Python vs Ruby vs Rust

OverviewDecisionsComparisonAlternatives

Overview

Ruby
Ruby
Stacks46.0K
Followers21.8K
Votes4.0K
GitHub Stars23.0K
Forks5.5K
Python
Python
Stacks262.9K
Followers205.4K
Votes6.9K
GitHub Stars69.7K
Forks33.3K
Rust
Rust
Stacks6.1K
Followers5.0K
Votes1.2K
GitHub Stars107.6K
Forks13.9K

Python vs Ruby vs Rust: What are the differences?

Introduction:

Python, Ruby, and Rust are three popular programming languages used for web development, among other purposes. While they share similarities in terms of high-level syntax and object-oriented programming, there are key differences between them that set them apart. This article will discuss six significant differences between Python, Ruby, and Rust.

  1. Syntax and Code Readability: Python is known for its simple and readable syntax, making it easy to learn and understand. It uses indentation and whitespace to denote code blocks, which helps maintain a clean and consistent code structure. Ruby, on the other hand, focuses on developer productivity and elegance. It offers a more flexible syntax with a variety of different styles and approaches, allowing developers to write code in their preferred way. Rust, being a systems programming language, has a stricter syntax designed for memory safety and performance. It emphasizes explicitness and enforces strict rules, making it less forgiving but more secure.

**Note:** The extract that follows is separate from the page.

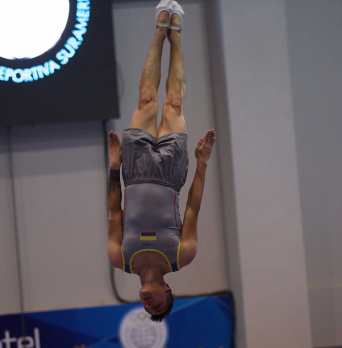 Ángel, con una ejemplar rutina, que incluyó en un principio saltos mortales fáciles y cerró con acrobacias con dobles y triples mortales, dio el argumento con el que acabó con la aspiración de Federico Cury (Argentina) y Santiago Marcano (Venezuela), quien de manera sorpresiva se coló en el podio.

  2. Purpose and Use Cases: Python is a versatile language known for its ease of use and is widely used for web development, scientific computing, data analysis, and machine learning. Ruby is known for its focus on developer happiness and is commonly used for web development, especially with the Ruby on Rails framework. It emphasizes productivity and convention over configuration. Rust, on the other hand, is designed for systems programming, emphasizing memory safety, low-level control, and performance. It is often used for creating fast and reliable systems software.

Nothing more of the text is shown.